The lack of flagella could lead to enhanced growth ability in prokaryotes. Pyrococcus furiosus DSM363 exhibited an enhanced growth ability when its flagella were absent (Lewis et al., 2015). The transcription regulator SwrA stimulates the transcription of the genes for σD, which controls when Bacillus subtilis cells enter into the motile state with expression of flagellum biosynthesis genes from a state of growth as long and nonmotile chains (Kearns and Losick, 2005). For growth and maintenance on the host, bacteria may reduce or eliminate flagellar expression (Chaban et al., 2015). In our study, the deletion of the acrR gene not only eliminated the biosynthesis of flagellum of A. citrulli Aac‐5 strain but also enhanced its growth ability, whereas the complementation strain showed similar growth ability to the Aac‐5 strain, indicating that AcrR may regulate the Aac‐5 switch between the growth and motility stages.
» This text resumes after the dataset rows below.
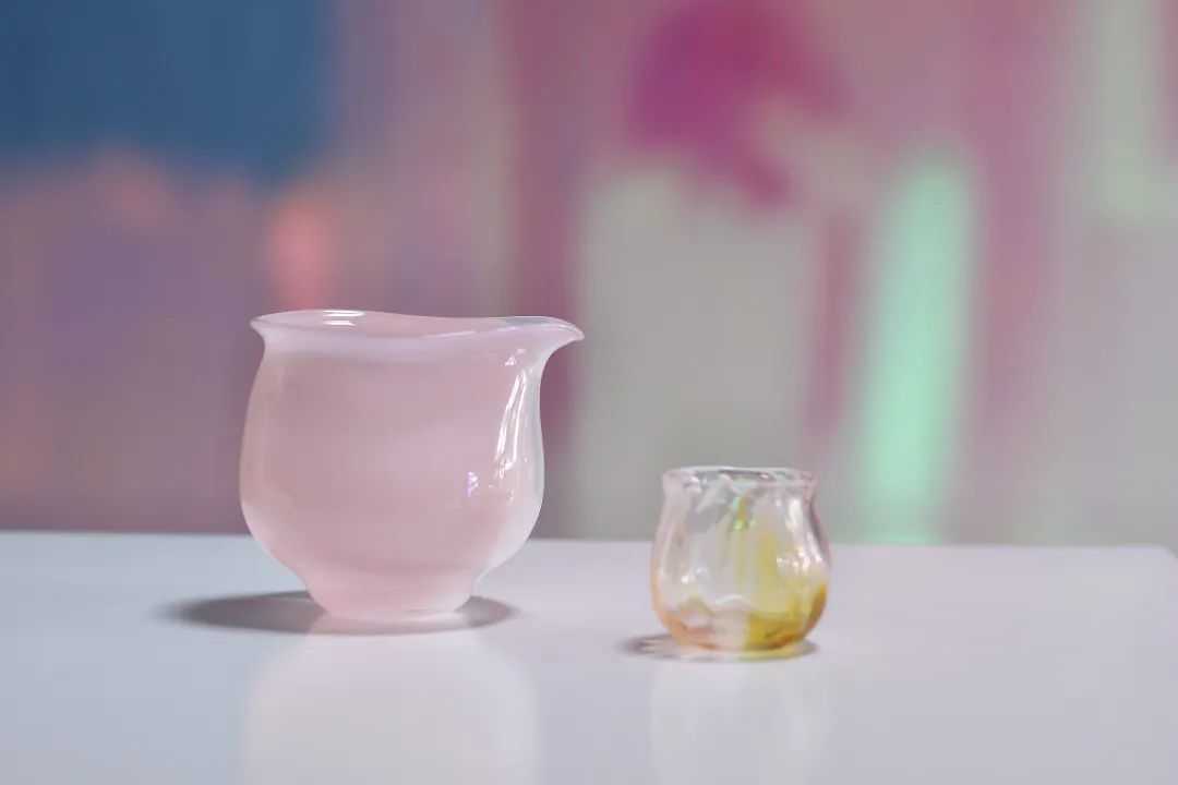 历经不同的炉温,通过吹制,研磨,铸造等多种方式,达到色彩的鲜度与融合度,不仅生成蜜桃粉、青梅绿、黎明紫……等等独特的色泽光韵,亦有通透又温润的手感。何飞有感于“贵人从贱业,贱业不贱。”琉璃手作也不再只是少数人的珍藏。识云Gallery融合了当代艺术与传统手工艺,在展览中呈现出了一种全新的视觉风格。识云Gallery系统的梳理了琉璃发展的历史,同时以琉璃为材料媒介策划了多位国内外艺术家的展览。识云琉璃的茶道具做到了极致的薄胎,塑造了水的形状,同时也挑战了手工艺的极限。识云茶道具的艺术性在于,既有西方水晶的通透性,又有中国如云似玉的润度,和中国陶瓷的色釉体现。这些都是琉璃手作大师在漫长岁月的洗礼中,突破原本材料和工艺的局限,形成与当代艺术的“融点”。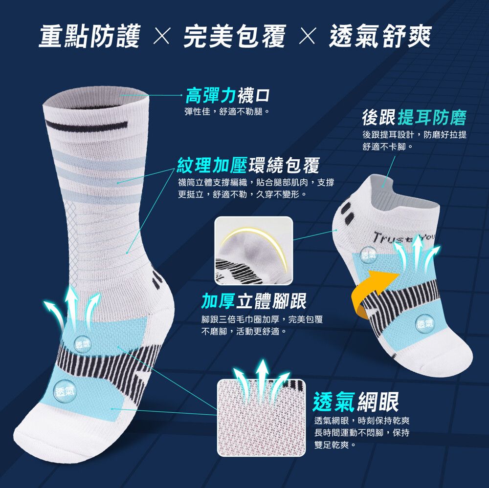 ► 襪筒紋理加壓結構+紋理毛圈加厚,讓襪筒更挺立,包覆更穩固。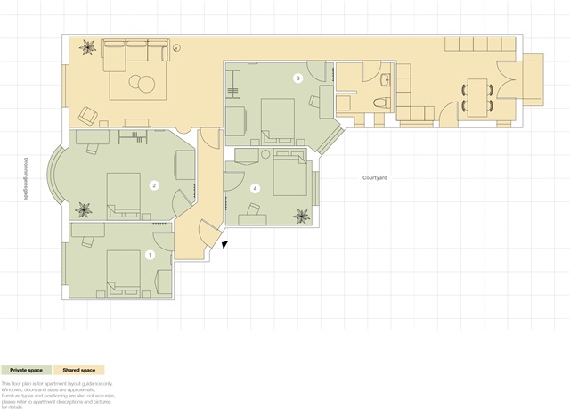 This beautiful apartment is fully renovated and opened it's doors in 2021. The apartment has 4 single bedrooms, a brand new spacious bathroom and a fully equipped kitchen with large dining table, a large separate living room with sofa, lounge chairs, TV, etc. and a private balcony facing the green backyard.- Balcony/terrasse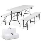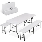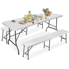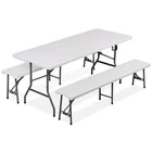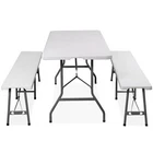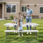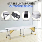 Ideal for family reunions, picnics, camping trips, buffets or barbecues. This table is great for entertaining and can be used as a serving table, game table, or outdoor dining table. Its collapsible design makes it quite space-saving. The high quality resin surface is waterproof, scratch, and impact resistant; making it perfect for all types of activities. Light grey powder-coated steel tube framing provides strong long-lasting use and lightweight portability The table legs fold under the table to make storage more convenient and for better portability. Specifications: Product size: 70.9"*27.4"*28.6" Product Weight: 11.6kg/25.6lbs Material: HDPE high density polyethylene The metal part is stainless steel plastic spraying 6FT Plastic Folding Bench Features: Quality Material & Easy to Clean: The portable outdoor folding bench is made of great material, which is waterproof, weather resistant, making it suitable for outdoor use. You can easily clean the panel. Safety Lock Ring & Non-slip Mat: The legs of the bench are secured with a locking ring design, while the triangular structure enhances overall safety and stability. The bottom of the folding stool has non-slip pads to prevent tilting. Folding & Portable: The bench is folded in half and has an internal snap design to prevent it from opening easily in transit. It does not occupy any space and has a handle on the top, which can be opened and used anytime and anywhere. And this camping dining seat is no assembly required, more convenience for you. Thickened Panel & Good Bearing Capacity: Our folding bench is thickened and supported by heavy steel pipe, making it more sturdy. It can hold up to 660 pounds, and the maximum number of people it can hold is: 4-5 people. Suitable for Indoor & Outdoor: Our benches have a wide range of ap plications and are ideal for any venue such as courtyards, gardens, parties, weddings, exhibitions, barbecues, potteries, etc. Specifications: Color: White Material: HDPE+Metal Item Weight: 17.52lbs Folding Size: 36.1"L* 12"W* 3.3"H Unfolded Size: 72.3"L*12"W*17"H Seat Tickness: 1.57" Weight Capacity: 661lbs

The fact that 46 ribosomal genes were highly expressed in the mutant strain compared to the wild‐type one (Table S1) suggests that these genes may contribute to the enhanced growth ability of the mutant strain.
Flagellar synthesis is a strictly hierarchical process in which more than 50 genes are involved (Wang et al., 2015). These genes are organized in multiple operons that can be divided into three classes based on the sequential order of the process: early (I), intermediate (II), and late (III) (Aldridge and Hughes, 2002; Osterman et al., 2015). Operon flhDC codes for transcription factor FlhDC, a master flagellar regulator. It is considered the sole class I transcription unit and is responsible for transcriptional activation of all structural and other regulatory components of the flagellar machinery (Fitzgerald et al., 2014). In A. citrulli, we found that among the 33 differentially expressed genes associated with flagellar assembly, flhC and flhD genes were lowly expressed with 2.77‐ and 2.83‐log fold change, respectively, suggesting that the early stage of flagellar synthesis is regulated by AcrR. The class II sigma‐factor fliA gene regulates the transition from early to late‐stage flagellar gene expression (Fitzgerald et al., 2014; Osterman et al., 2015). Along with its cognate flgM gene, an anti‐sigma factor, fliA was significantly lowly expressed in the acrR mutant, which in turn down‐regulated its downstream class III flagellar synthesis genes flgKL, fliDST, motB, and cheW (Table 3).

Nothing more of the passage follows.